Osamu Suzuki, who has led the company for nearly forty years, will stay on as chairman.

Japan’s fourth biggest car company will also cut executive pay and 2015 bonuses.

Last month it said it found “discrepancies” in its fuel emissions testing but denied cheating.

Toshihiro Suzuki, the company’s president and son of Osamu Suzuki, said on Wednesday that the changes were intended to regain customers’ trust.

“This latest incident occurred because of problems within the company which had continued for a long time, including an R&D division which was not transparent enough,” he said.

“We are making these changes today to try to regain the trust of our customers, and to rebuild Team Suzuki.”

Preventative measures

Osamu Honda, the company’s executive vice president and chief technical officer will also retire.

The management changes will take effect on 29 June subject to shareholder approval at Suzuki’s annual general meeting.

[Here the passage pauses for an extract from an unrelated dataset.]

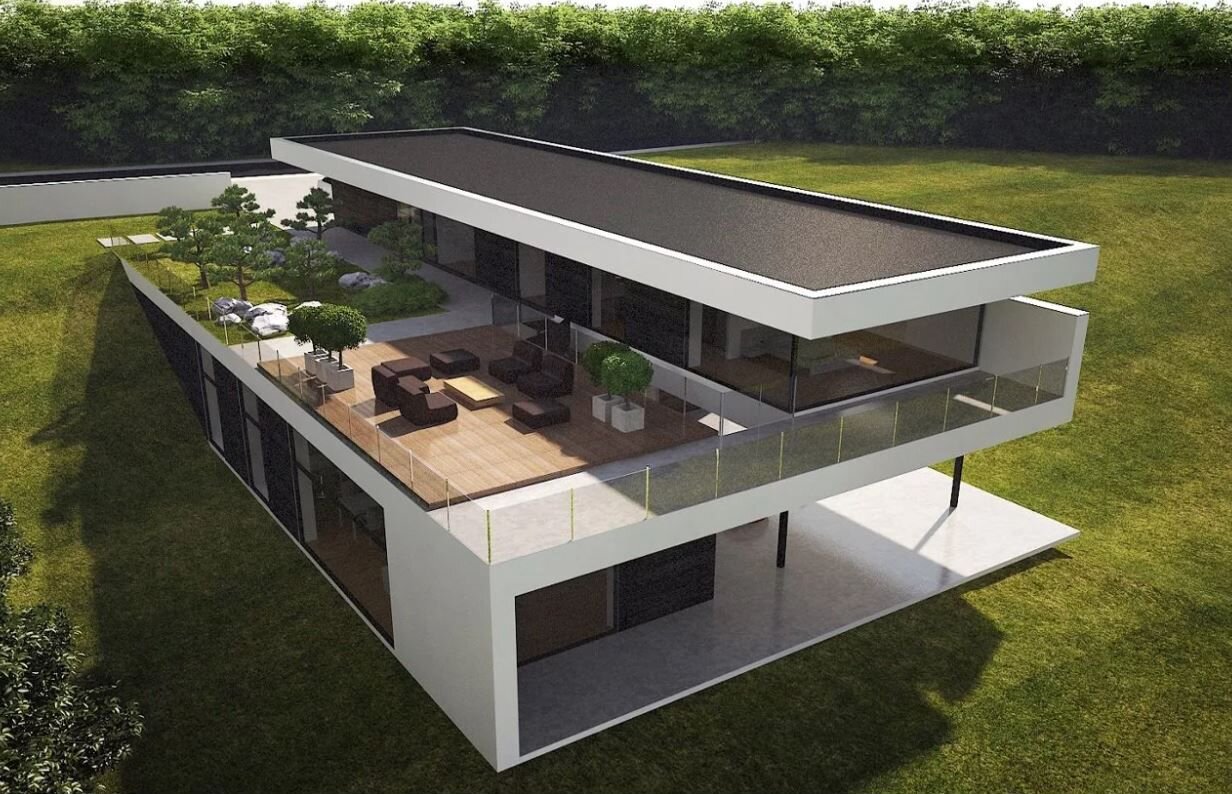 Плоская крыша популярна в современных постройках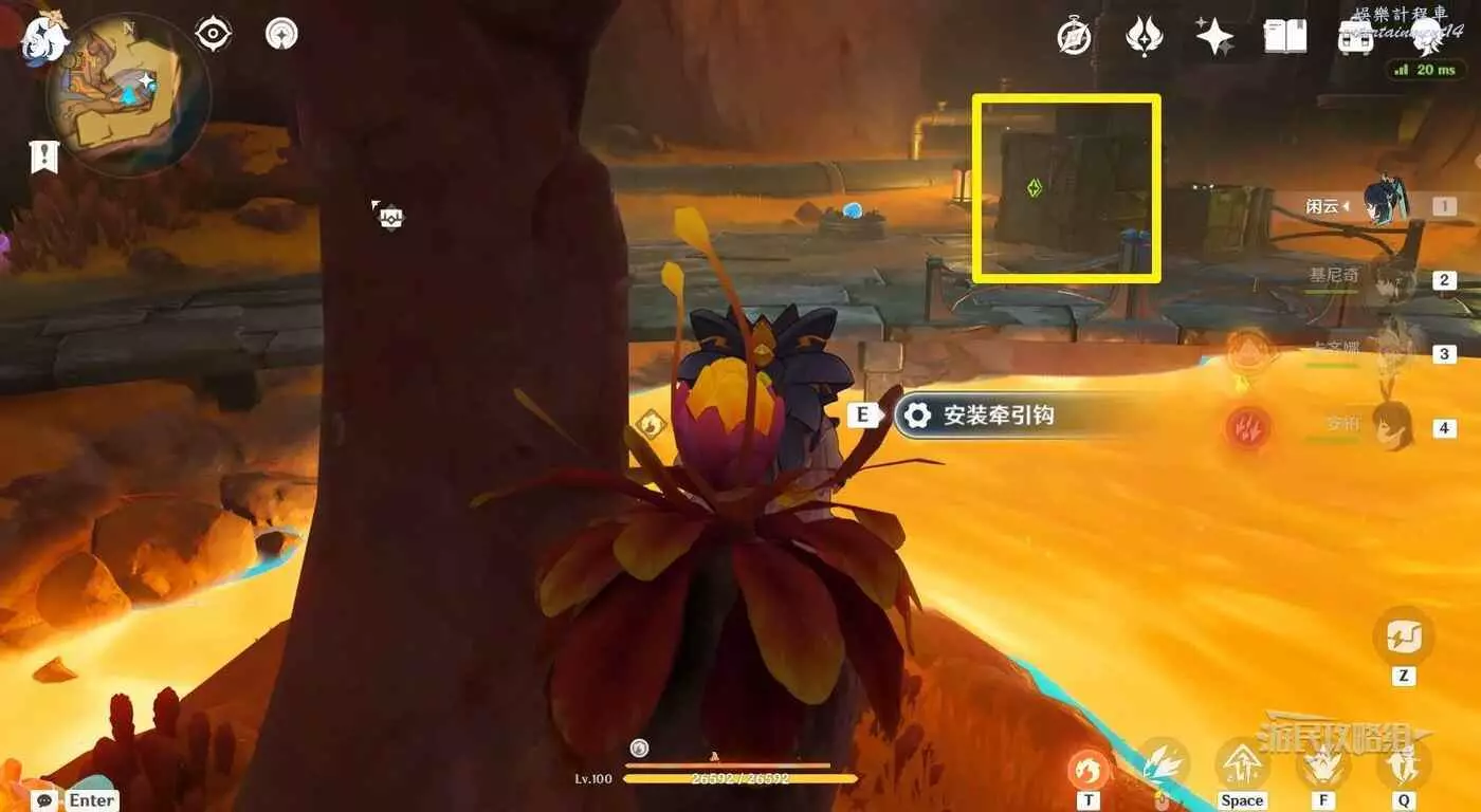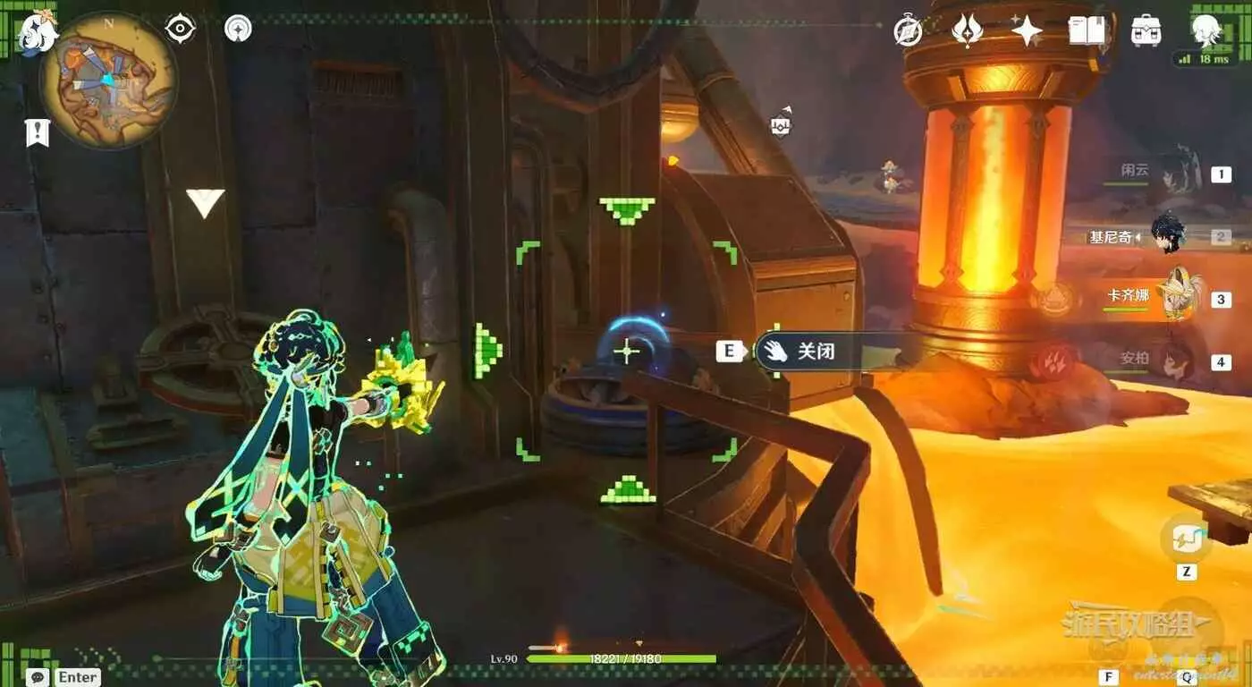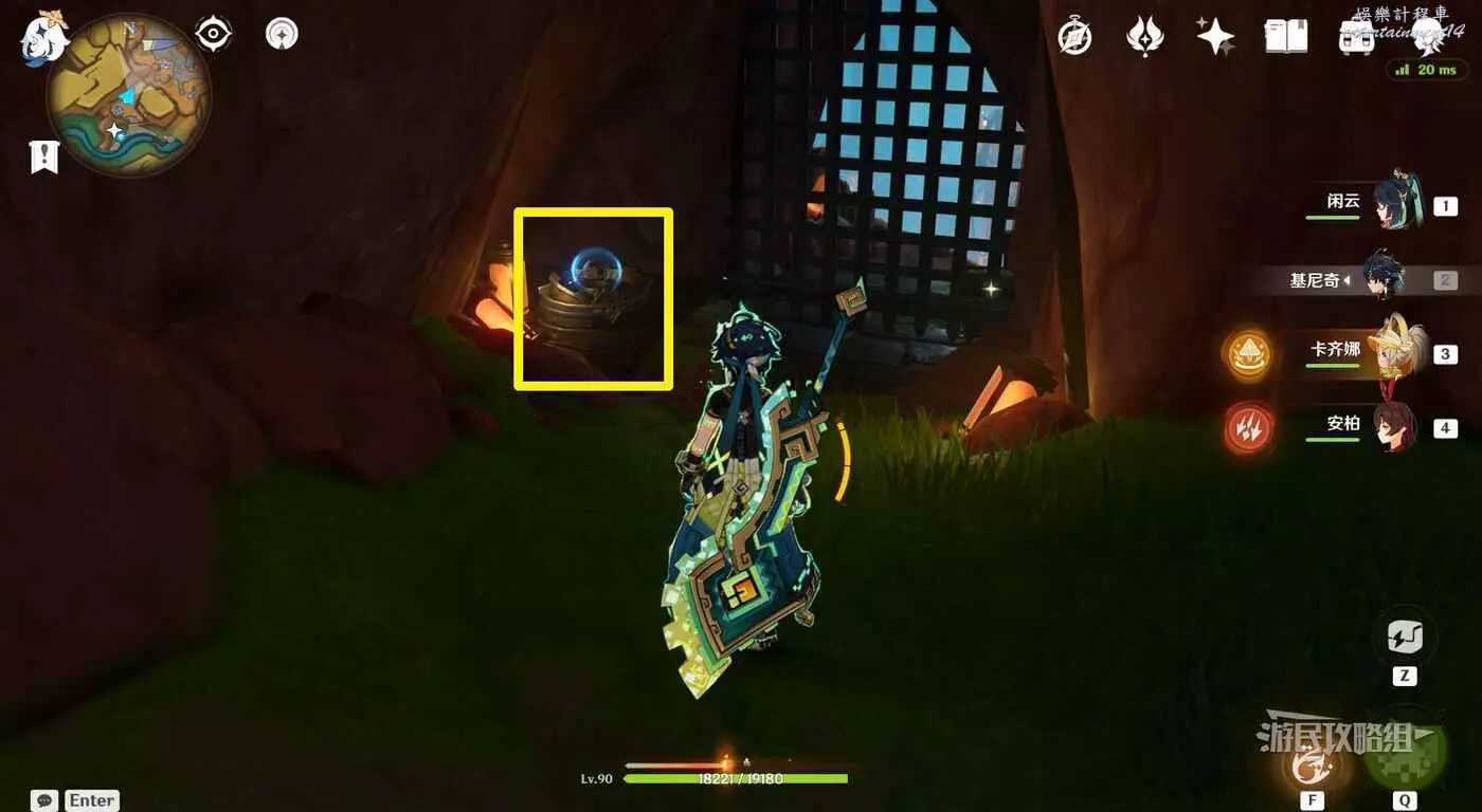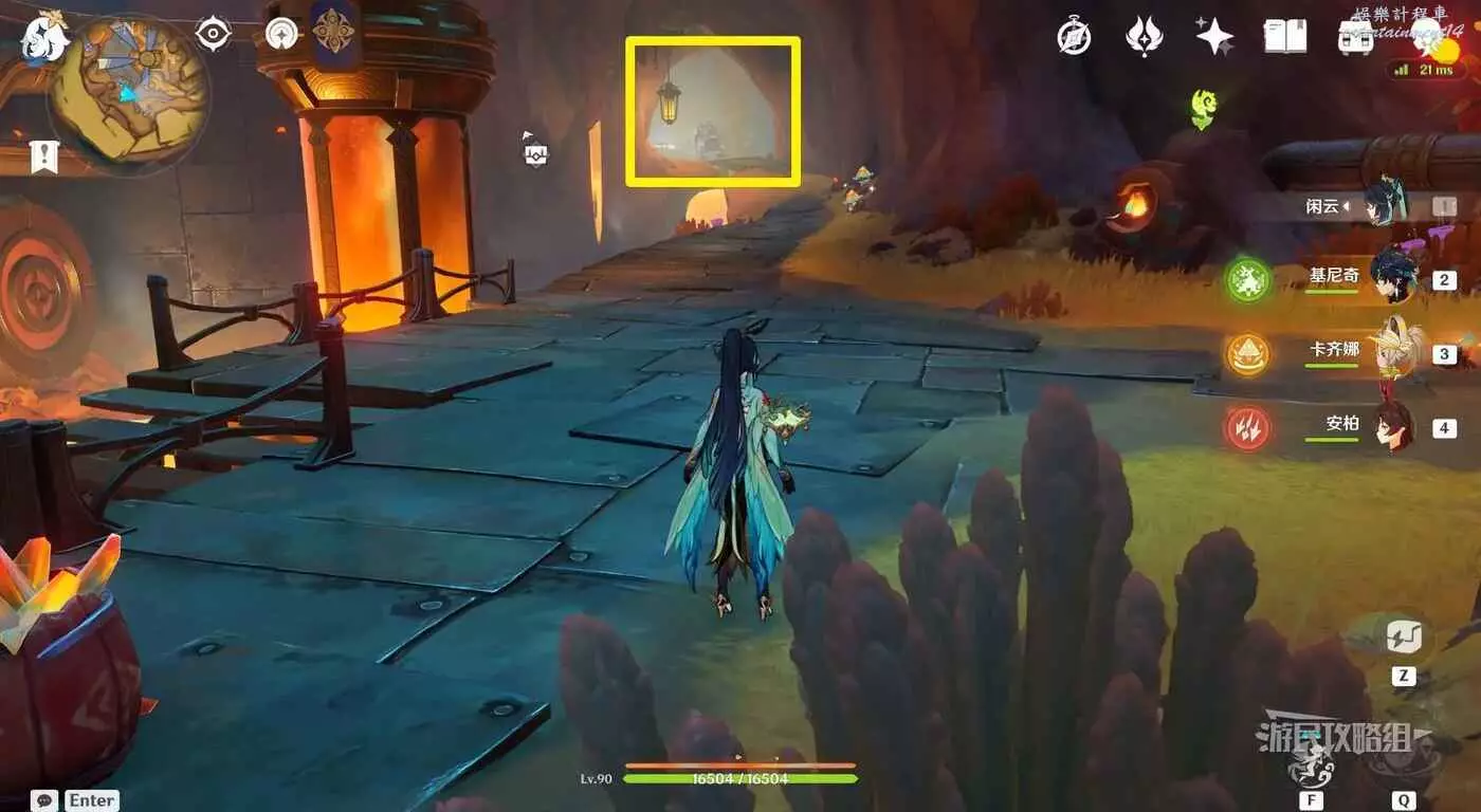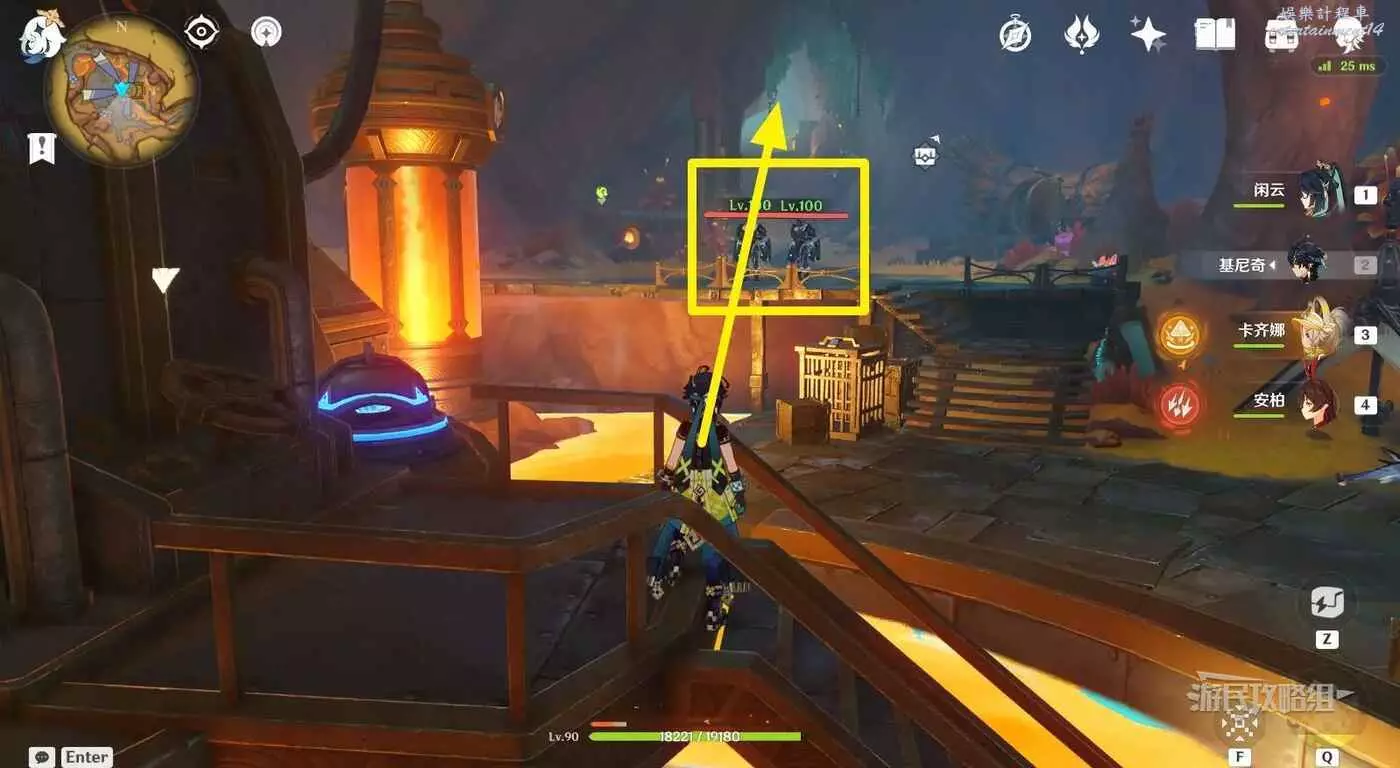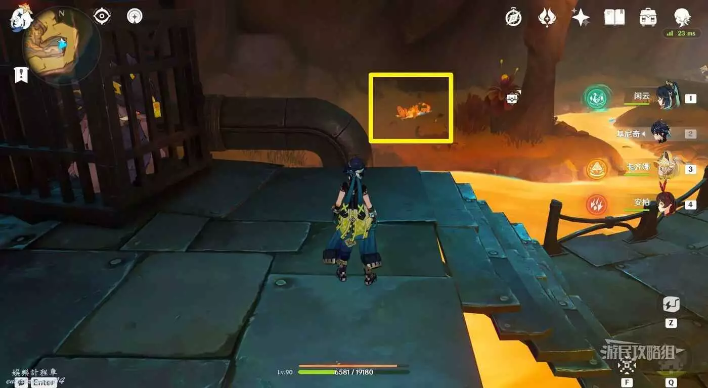 站在機關旁邊,轉身往岩漿中間看,可以看到漂浮著一個藍色的球,使用基尼奇或匿葉龍的能力拾取岩漿中的球,放到機關中,開啟鐵門。

The firm also said it was taking preventative measures such as strengthening training for its engineers, improving testing technology and promoting the use of a whistle-blowing system.

Suzuki said in May that its emission and fuel efficiency testing method for 16 models was not in line with official regulations.

In a statement, it said the problems dated back to 2010 and about 2.1 million vehicles were affected, though the issues did not apply to Suzuki-branded vehicles sold outside Japan.

Earlier, this month, authorities raided the company’s headquarters as part of an investigation into the tests.

The latest changes at Suzuki come after its smaller Japanese rival Mitsubishi Motors admitted it had been falsifying fuel efficiency tests for 25 years. In May, Mitsubishi announced that its president, Tetsuro Aikawa, would step down.

The company also entered into a strategic alliance with Nissan, which will take a 34% stake in Mitsubishi, subject to regulatory approval.

German carmaker Volkswagen has also admitted cheating emissions tests in the US.